_PROVIDED RECORDS_
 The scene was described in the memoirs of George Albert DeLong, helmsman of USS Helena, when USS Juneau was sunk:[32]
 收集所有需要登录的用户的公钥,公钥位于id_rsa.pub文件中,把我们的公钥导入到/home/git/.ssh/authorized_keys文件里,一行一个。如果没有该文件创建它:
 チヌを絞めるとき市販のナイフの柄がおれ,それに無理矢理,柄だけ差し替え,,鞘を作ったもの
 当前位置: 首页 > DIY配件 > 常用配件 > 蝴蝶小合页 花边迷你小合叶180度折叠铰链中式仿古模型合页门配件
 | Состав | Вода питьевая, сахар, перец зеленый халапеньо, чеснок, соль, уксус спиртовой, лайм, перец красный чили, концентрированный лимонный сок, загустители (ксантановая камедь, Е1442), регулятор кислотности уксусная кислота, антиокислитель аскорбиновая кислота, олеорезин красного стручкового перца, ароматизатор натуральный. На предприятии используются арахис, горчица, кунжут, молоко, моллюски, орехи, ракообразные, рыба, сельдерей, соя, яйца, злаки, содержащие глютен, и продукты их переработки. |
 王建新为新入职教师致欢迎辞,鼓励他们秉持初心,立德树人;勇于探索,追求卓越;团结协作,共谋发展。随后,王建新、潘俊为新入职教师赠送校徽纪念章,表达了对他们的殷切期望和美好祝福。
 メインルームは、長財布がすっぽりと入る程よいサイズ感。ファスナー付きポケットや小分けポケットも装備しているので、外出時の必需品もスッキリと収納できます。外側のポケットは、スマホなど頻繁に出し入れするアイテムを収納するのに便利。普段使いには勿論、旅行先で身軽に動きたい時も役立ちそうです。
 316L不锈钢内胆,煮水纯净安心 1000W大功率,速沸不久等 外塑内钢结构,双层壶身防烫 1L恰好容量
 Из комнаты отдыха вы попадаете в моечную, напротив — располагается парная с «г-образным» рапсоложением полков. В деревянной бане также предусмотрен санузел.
--
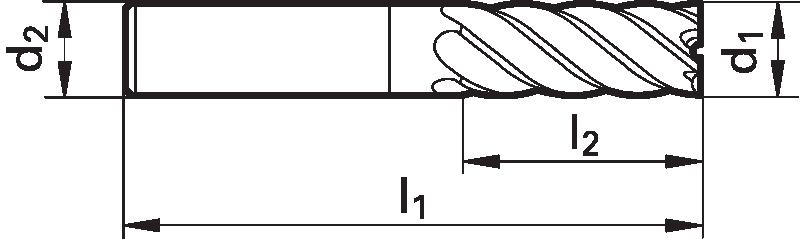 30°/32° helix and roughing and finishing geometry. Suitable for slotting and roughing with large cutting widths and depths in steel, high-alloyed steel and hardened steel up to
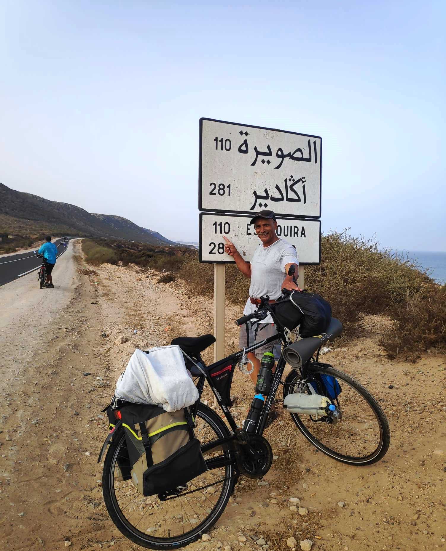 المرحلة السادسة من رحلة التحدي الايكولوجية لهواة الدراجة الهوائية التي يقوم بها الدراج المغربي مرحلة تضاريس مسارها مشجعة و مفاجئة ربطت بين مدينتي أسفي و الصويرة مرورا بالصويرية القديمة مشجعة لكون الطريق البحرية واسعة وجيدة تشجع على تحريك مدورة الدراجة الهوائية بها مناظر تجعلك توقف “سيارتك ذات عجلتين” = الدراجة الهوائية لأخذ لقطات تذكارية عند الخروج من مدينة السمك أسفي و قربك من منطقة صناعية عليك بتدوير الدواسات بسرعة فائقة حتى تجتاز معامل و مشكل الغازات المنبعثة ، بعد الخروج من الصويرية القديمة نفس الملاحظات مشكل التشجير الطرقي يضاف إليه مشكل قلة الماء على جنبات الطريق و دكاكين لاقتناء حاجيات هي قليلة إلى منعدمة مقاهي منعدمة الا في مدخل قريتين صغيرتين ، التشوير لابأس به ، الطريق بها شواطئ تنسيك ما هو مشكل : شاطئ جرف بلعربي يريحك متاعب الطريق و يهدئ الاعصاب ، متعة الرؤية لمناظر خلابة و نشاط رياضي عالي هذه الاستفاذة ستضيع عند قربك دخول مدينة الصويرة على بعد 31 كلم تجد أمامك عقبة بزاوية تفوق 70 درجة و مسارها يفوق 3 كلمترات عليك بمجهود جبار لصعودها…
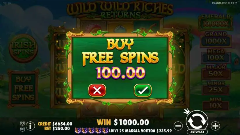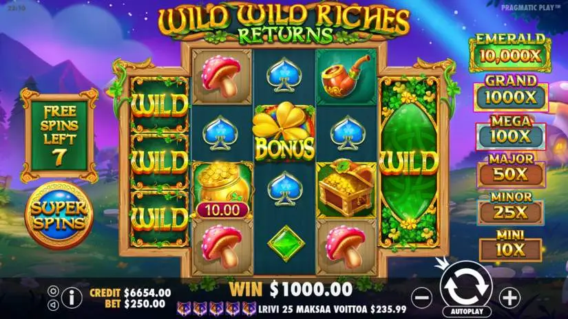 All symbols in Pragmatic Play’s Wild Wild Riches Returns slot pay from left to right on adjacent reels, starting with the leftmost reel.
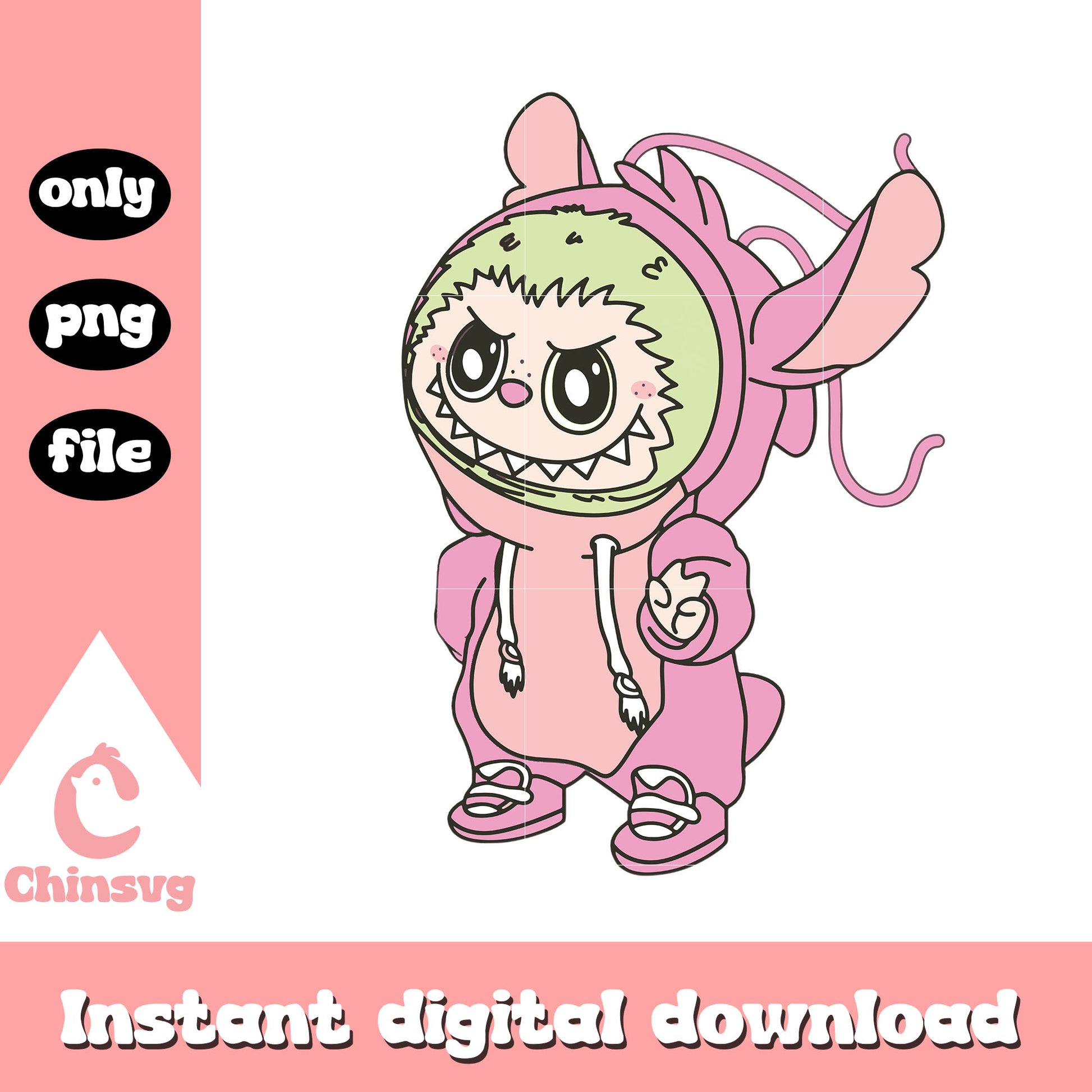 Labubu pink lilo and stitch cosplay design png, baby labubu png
==
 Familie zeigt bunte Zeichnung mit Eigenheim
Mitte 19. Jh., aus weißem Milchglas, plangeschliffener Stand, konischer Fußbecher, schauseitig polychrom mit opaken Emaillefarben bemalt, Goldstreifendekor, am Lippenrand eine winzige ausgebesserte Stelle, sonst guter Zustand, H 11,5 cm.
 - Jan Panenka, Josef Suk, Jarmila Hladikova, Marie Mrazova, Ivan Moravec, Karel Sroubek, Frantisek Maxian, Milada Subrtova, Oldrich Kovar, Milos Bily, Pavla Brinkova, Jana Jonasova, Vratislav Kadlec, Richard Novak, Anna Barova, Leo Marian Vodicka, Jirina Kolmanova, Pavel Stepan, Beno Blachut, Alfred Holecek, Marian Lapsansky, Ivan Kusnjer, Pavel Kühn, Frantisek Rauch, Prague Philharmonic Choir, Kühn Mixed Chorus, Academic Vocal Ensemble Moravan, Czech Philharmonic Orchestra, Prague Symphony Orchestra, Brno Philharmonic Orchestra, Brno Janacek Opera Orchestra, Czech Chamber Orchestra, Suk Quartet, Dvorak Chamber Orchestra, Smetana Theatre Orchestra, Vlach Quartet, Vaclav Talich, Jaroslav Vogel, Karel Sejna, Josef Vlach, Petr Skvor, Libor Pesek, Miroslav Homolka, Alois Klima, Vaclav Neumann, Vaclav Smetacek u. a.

_DIRECTIONS_
The required output is the stretch of entries above from the line containing "The scene was" through the line containing "王建新为新入职教师致欢迎辞,鼓励他们秉持", reproduced exactly.

_ANSWER BOX_
 The scene was described in the memoirs of George Albert DeLong, helmsman of USS Helena, when USS Juneau was sunk:[32]
 收集所有需要登录的用户的公钥,公钥位于id_rsa.pub文件中,把我们的公钥导入到/home/git/.ssh/authorized_keys文件里,一行一个。如果没有该文件创建它:
 チヌを絞めるとき市販のナイフの柄がおれ,それに無理矢理,柄だけ差し替え,,鞘を作ったもの
 当前位置: 首页 > DIY配件 > 常用配件 > 蝴蝶小合页 花边迷你小合叶180度折叠铰链中式仿古模型合页门配件
 | Состав | Вода питьевая, сахар, перец зеленый халапеньо, чеснок, соль, уксус спиртовой, лайм, перец красный чили, концентрированный лимонный сок, загустители (ксантановая камедь, Е1442), регулятор кислотности уксусная кислота, антиокислитель аскорбиновая кислота, олеорезин красного стручкового перца, ароматизатор натуральный. На предприятии используются арахис, горчица, кунжут, молоко, моллюски, орехи, ракообразные, рыба, сельдерей, соя, яйца, злаки, содержащие глютен, и продукты их переработки. |
 王建新为新入职教师致欢迎辞,鼓励他们秉持初心,立德树人;勇于探索,追求卓越;团结协作,共谋发展。随后,王建新、潘俊为新入职教师赠送校徽纪念章,表达了对他们的殷切期望和美好祝福。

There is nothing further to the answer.